Give back an exact copy of the lines in the records below, from the line that has "Hoses, Cords &" through the line that has "L06 - Sixth Floor 1:200", and nothing besides.

(The input):
%%

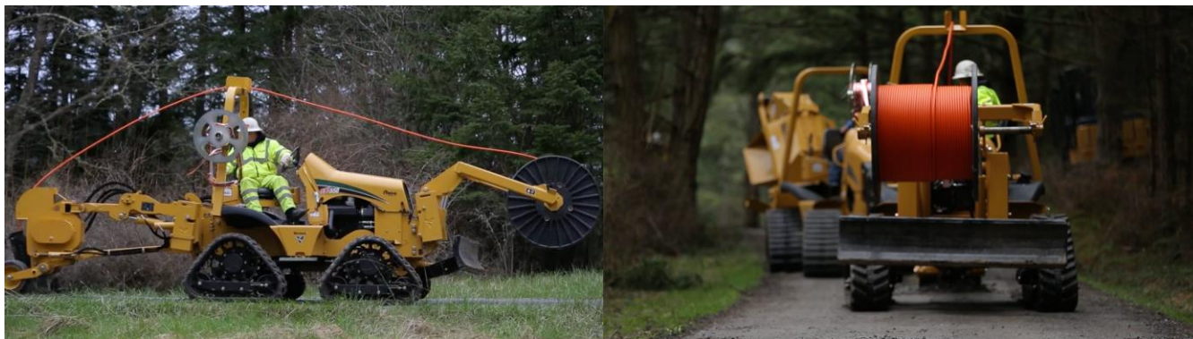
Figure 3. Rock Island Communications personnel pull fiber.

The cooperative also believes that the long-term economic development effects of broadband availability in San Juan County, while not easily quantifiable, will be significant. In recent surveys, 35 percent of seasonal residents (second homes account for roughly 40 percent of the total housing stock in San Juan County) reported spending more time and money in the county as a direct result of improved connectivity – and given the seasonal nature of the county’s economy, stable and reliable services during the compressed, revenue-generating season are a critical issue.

%%
%%

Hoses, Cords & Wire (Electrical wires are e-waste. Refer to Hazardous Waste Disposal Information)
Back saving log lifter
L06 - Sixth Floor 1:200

%%
%%

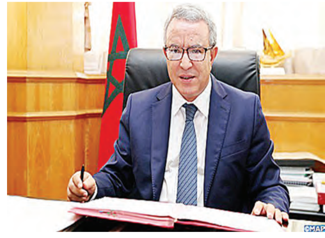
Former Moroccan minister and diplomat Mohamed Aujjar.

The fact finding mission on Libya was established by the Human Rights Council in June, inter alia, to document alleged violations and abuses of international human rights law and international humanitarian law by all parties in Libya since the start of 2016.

%%

(Answer to this problem):
Hoses, Cords & Wire (Electrical wires are e-waste. Refer to Hazardous Waste Disposal Information)
Back saving log lifter
L06 - Sixth Floor 1:200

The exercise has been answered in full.